With all the cuts, can the Defense Department meet the mission, and which contractors will be feeling the bite? We ask defense contracting expert, Jim McAleese.

By Suzanne Kubota
Senior Internet Editor
FederalNewsRadio.com

Defense Secretary Robert Gates said Monday that the Pentagon’s proposed FY 2012 budget would preserve the military’s fighting strength.

Jim McAleese, defense contracting expert and founder of McAleese and Associates, told Federal News Radio in a “remarkably short and sweet” briefing, Secretary Gates “delivered a message to the Congress that said DoD had asked for $21 billion dollars of growth in 2011 over 2010, and that he expected to receive effectively half of that. In other words, he laid down the guantlet of saying the troops need $540 billion in the base budget in 2011 to not endanger the mission.”

That would apply to the current continuing resolution.

Under the proposed FY 2012 budget, said McAleese, the big winners were operations and maintenance funding, increasing about $20 billion from FY 2010 through FY 2012.

Procurement, said McAleese, also “did well yesterday. It was a significant winner. It’ll grow from $103 billion dollars in 2010, which is where we’re currently capped at under the CR right now, to $113 billion dollars in 2012. That’s about a $10 billion dollar increase, about a 10 percent increase.”

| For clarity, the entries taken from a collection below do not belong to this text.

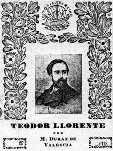 12.— «La història, la crítica, la revissió (sic) de valors, les noves joventuts, les modes literàries i artístiques que pretenguen, en nom d’una renovació literària —naturalment indispensable i útil— o en nom de qualsevol credo o tendència, girar-s’hi contra els Patriarques de la Renaixença i, amb ells, contra les altes valors espirituals que representen, minvar llur glòria, trobaran sempre al davant, armats de totes les armes de l’esperit, i també de la força, als que en aquesta lluita, no finida encara, per la completa victòria del nostre idioma, de les nostres lletres, de la nostra personalitat com a poble i de l’ànima que tot ho aguanta, havem posat alguna cosa més que la vanitat del nom reconegut i l’interés d’un guany material, immediat o llunyà: havem posat tot el que de bo i millor hi ha en nosaltres i el sacrifici generós per l’ideal». DURAN DE VALÈNCIA, Miquel, “El poeta Teodor Llorente, iniciador, a València, de la Renaixença de l’idioma i de les lletres”, dins La República de les Lletres, núm. 7, València, gener-març, 1936; pp. 3-4.
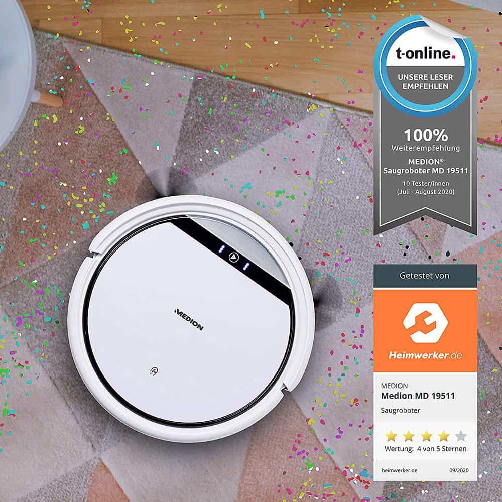 Robot hút bụi hoạt động được lập trình thông minh. Trong khi nhiều robot gia dụng thông thường làm sạch sàn nhà ở khắp mọi nơi, thì robot hút bụi Medion MD 19511 hoạt động theo một hệ thống điều hướng thông minh. Robot hút bụi chia phòng thành các khu vực riêng lẻ, nó di chuyển theo các làn đường. Bằng cách này, bụi, chất bẩn và tóc sẽ được loại bỏ hiệu quả hơn.
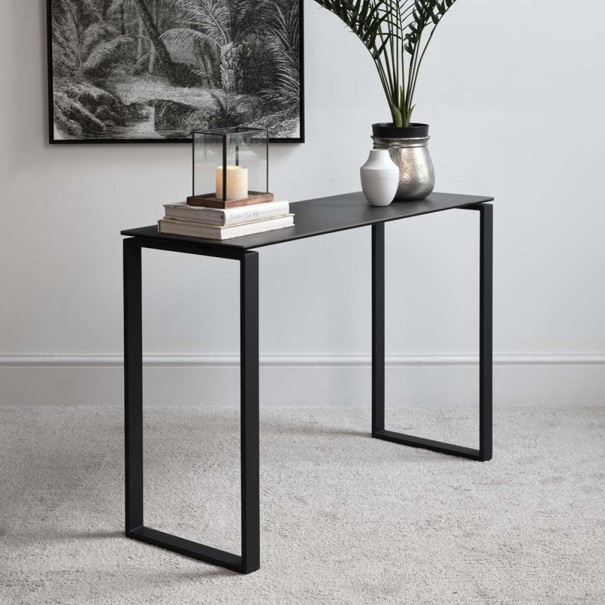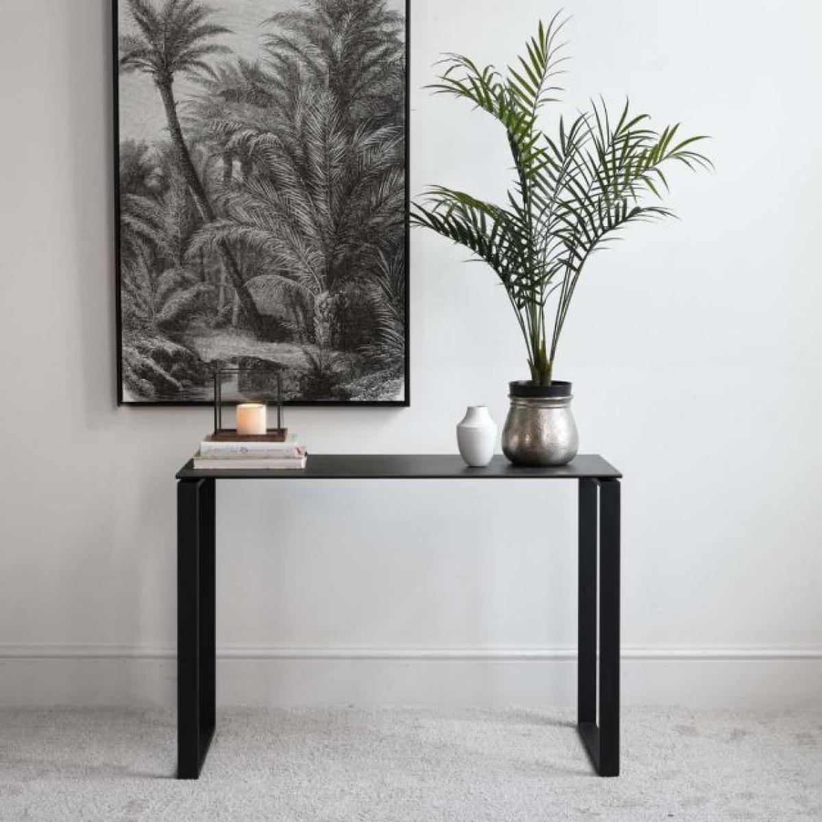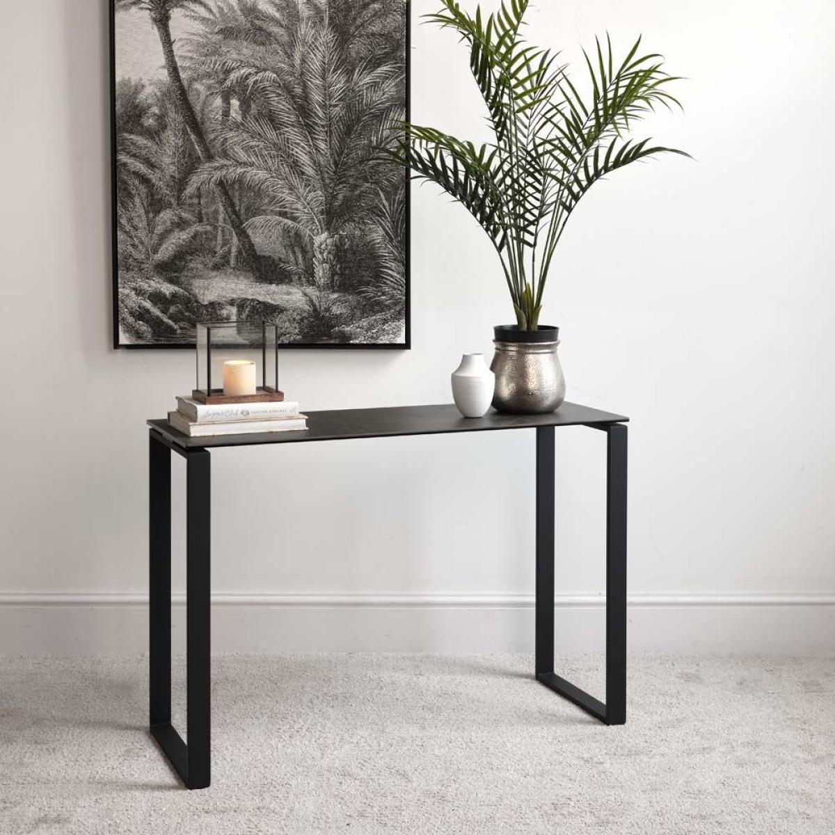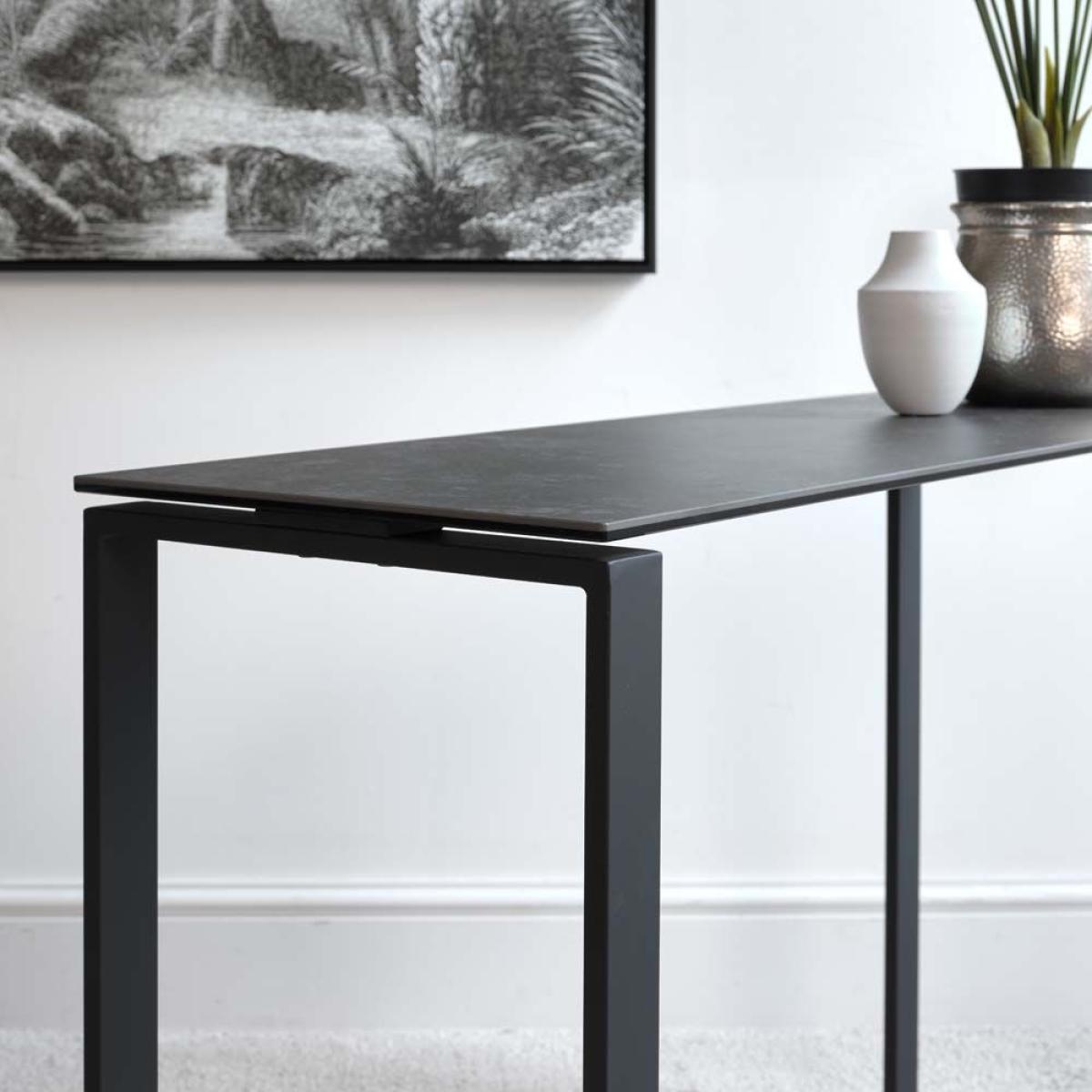 The Eastcote ceramic top console table is a cool and sophisticated addition to the sitting room or hallway. Part of the beautiful Eastcote Collcetion, the top surface is a distressed ceramic black finish, smooth to the touch, and layered on top of a sheet of tempered glass. The table is supported by two black powder-coated metal hoop legs. The ceramic material on the top of this console table is very hard wearing, and is scratch and stain resistant, unlike a natural stone finish. However, we would recommend care when using heavy and rough finish items to not drag things across it.
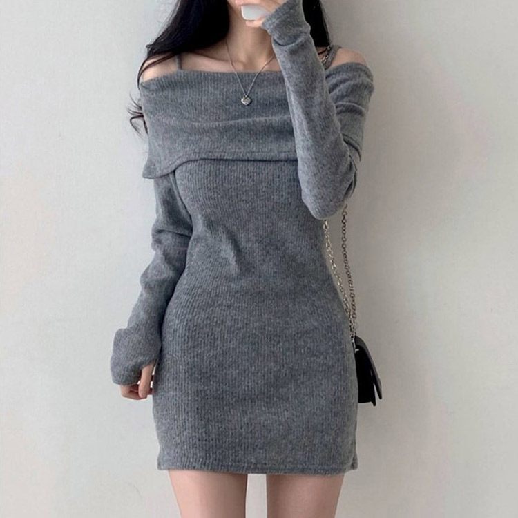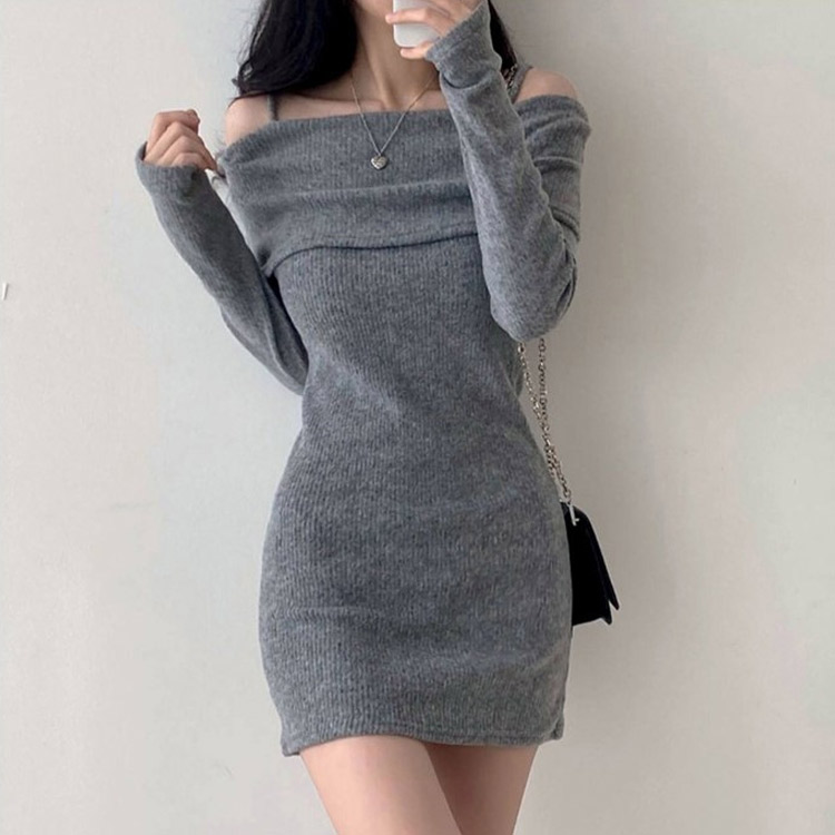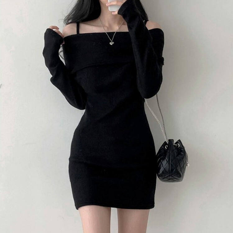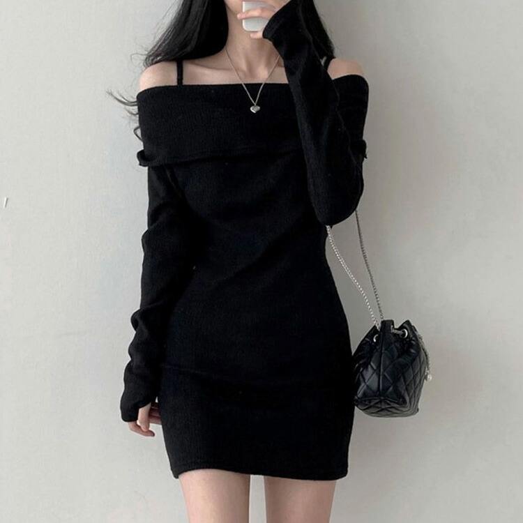 オフショルダー ニットワンピース タイ レディースファッション 超目玉商品 ブラック グレー S M L XL 2XL
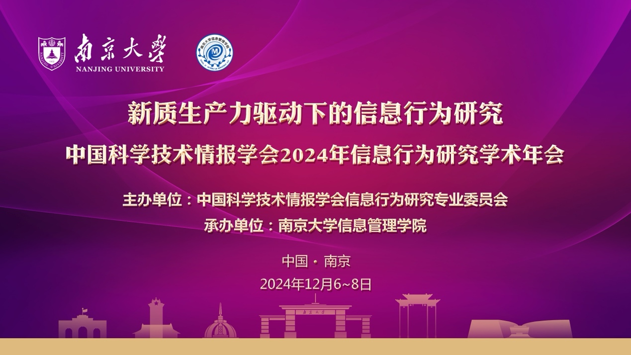 2024年12月6日至8日,2024年信息行为研究学术年会在南京顺利举办。本次会议的主办单位为中国科学技术情报学会信息行为研究专业委员会,承办单位为禁闻网
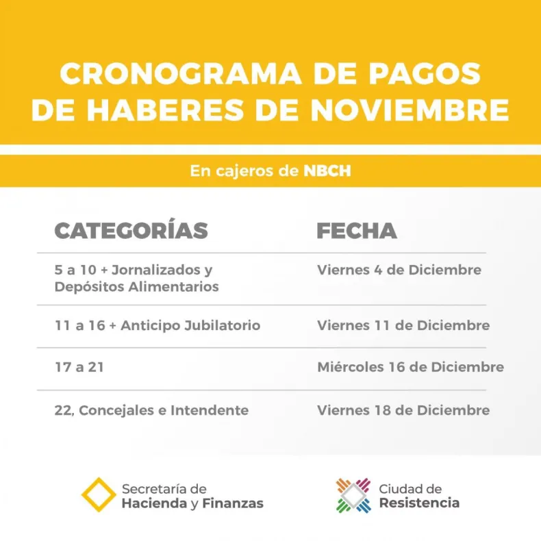 La Secretaría de Hacienda y Finanzas del Municipio de Resistencia informó que este viernes 4 de diciembre inicia el cronograma de pagos de haberes de noviembre, jornada en la que cobrarán jornalizados y agentes municipales comprendidos en las categorías 5 a la 10, y se incluyen los depósitos alimentarios.
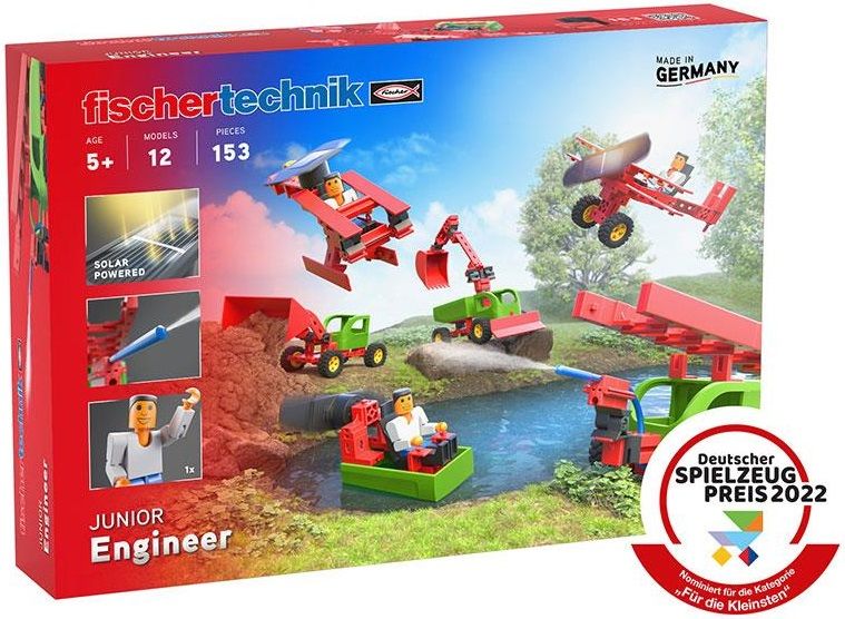 Великий стартовий набір для дітей від 5 років включає дванадцять різних транспортних засобів, літаків і кранів. Інструкції по будівництву, зручні для дітей і пропонують легке ознайомлення з системою fischertechnik. В ранньому віці дітям важливо вивчати технології – вбудований сонячний мотор і можливість розпилення води за допомогою пневмоциліндра дають молодим науковцям перший веселий погляд на світ технологій. У набір також входить Нік, фігурка fischertechnik, яка простягає руку допомоги інженерам завтрашнього дня.

On the downside, the “two big bill payers” for Defense are the research and development account and “the MILCON bucket,” military construction.

Looking inside the numbers for the Army, as an example, McAleese told anchor Tom Temin they had requested a budget of $145 billion in the base budget and “they will also receive another $71 billion dollars of OCO (Overseas Contingency Operations) to support Afghanistan. That’ll give them about $221 billion dollars for the year.”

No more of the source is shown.